The exercise aims to understand how the training residual sum of squares (RSS), test RSS, variance, squared bias, and irreducible error change as we vary the regularization parameter s in a linear regression model.
Linear Regression with Regularization:

In a linear regression model, we aim to minimize the difference between observed and predicted values of the response variable (RSS). However, in this exercise, we impose a constraint on the magnitude of the regression coefficients (β) such that the sum of absolute values of coefficients does not exceed a certain threshold s.
Effect of Increasing s:

As s increases from 0, the constraint becomes less restrictive, allowing larger coefficient values.

Let's analyze the expected behavior for each of the metrics:

(a) Training RSS: Initially, with a small s, the model is heavily regularized, leading to underfitting and higher training RSS. As s increases, the model becomes less regularized, fitting the training data better, and thus training RSS decreases. However, if s becomes too large, overfitting may occur, causing the training RSS to increase again.

(b) Test RSS: The test RSS typically follows a similar pattern to the training RSS. Initially, with a small s, the model generalizes poorly to unseen data, leading to high test RSS. As s increases, the model becomes better at generalizing, resulting in lower test RSS. However, if s becomes too large, overfitting may occur, causing test RSS to increase again.

(c) Variance: Variance tends to decrease as s increases because the model becomes less complex and more stable.

(d) Squared Bias: Bias tends to decrease initially as s increases because the model becomes more flexible and can capture more complex relationships in the data. However, if s becomes too large, bias may increase due to overfitting.

(e) Irreducible Error: Irreducible error remains constant regardless of the value of s because it represents the inherent noise in the data that cannot be reduced by any model.

Conclusion:

In summary, as we increase s from 0:
Training RSS and test RSS are expected to initially increase and then decrease or remain relatively stable, depending on the balance between model flexibility and overfitting.
Variance is expected to decrease.
Bias is expected to decrease initially and then may increase if overfitting occurs.
Irreducible error remains constant.
This exercise helps in understanding the trade-offs involved in choosing the appropriate level of regularization in a linear regression model and its impact on various aspects of model performance.

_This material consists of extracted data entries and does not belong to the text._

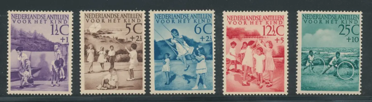 1951 Niederländische Antillen - Profit Kinderwerke - Yvert Katalog Nr. 222/226 - 4 Werte - postfrisch ** Yvert Katalog Euro 55 - Lot 25/1 blaues Album
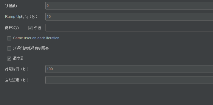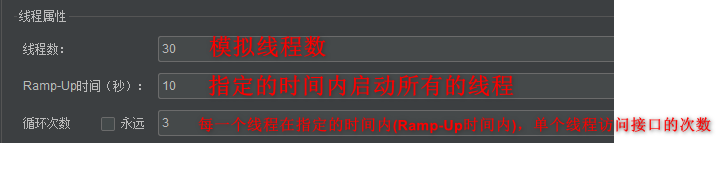 线程数: 模拟线程数 Ramp-Up时间(秒): 指定的时间内启动所有的线程 循环次数: 每一个线程在指定的时间内(Ramp-Up时间内),单个线程访问接口的次数
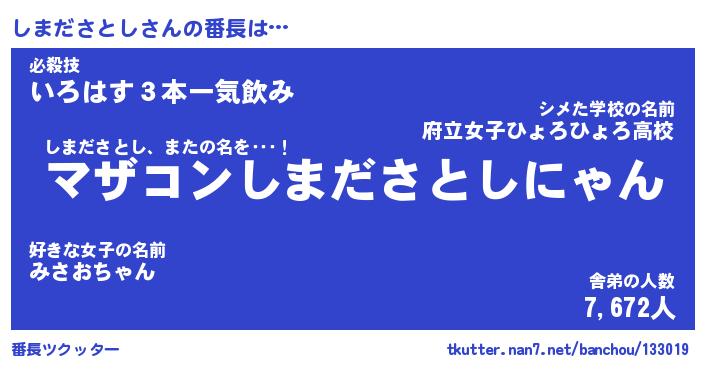 | ヘコむあだ名 | 『しまっふぃ~』『牛乳』『しま太郎』 |
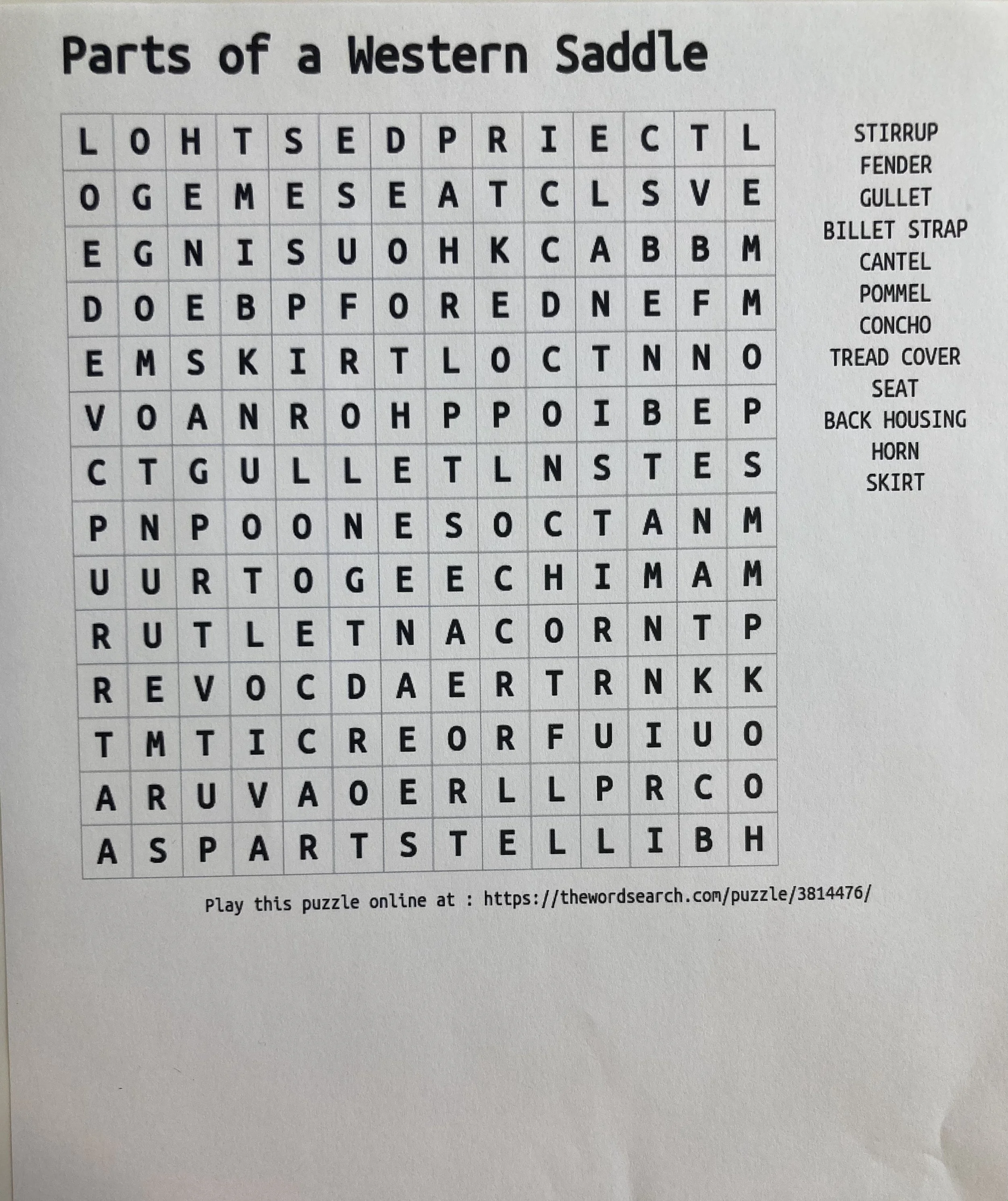 Skylar wasn’t able to join in on the Saddle Fitting clinic but she really enjoys word finding puzzles and hopes that others will enjoy her puzzles too.

## 3. Principal Component Analysis (PCA):

- We then move on to the second exercise, which involves a dense regression model with 50 correlated predictors.
Using PCA, we compute the principal components of the predictors and their corresponding scores.
- We estimate OLS regression models using both the original predictors and the principal components on a training sample. Then, we use these models to predict the outcomes in a test sample and compute the mean squared prediction error (MSPE) for comparison.
- Finally, we discuss and explain the patterns observed in the MSPE for different sample sizes in comparison with a reference table provided in lecture slides.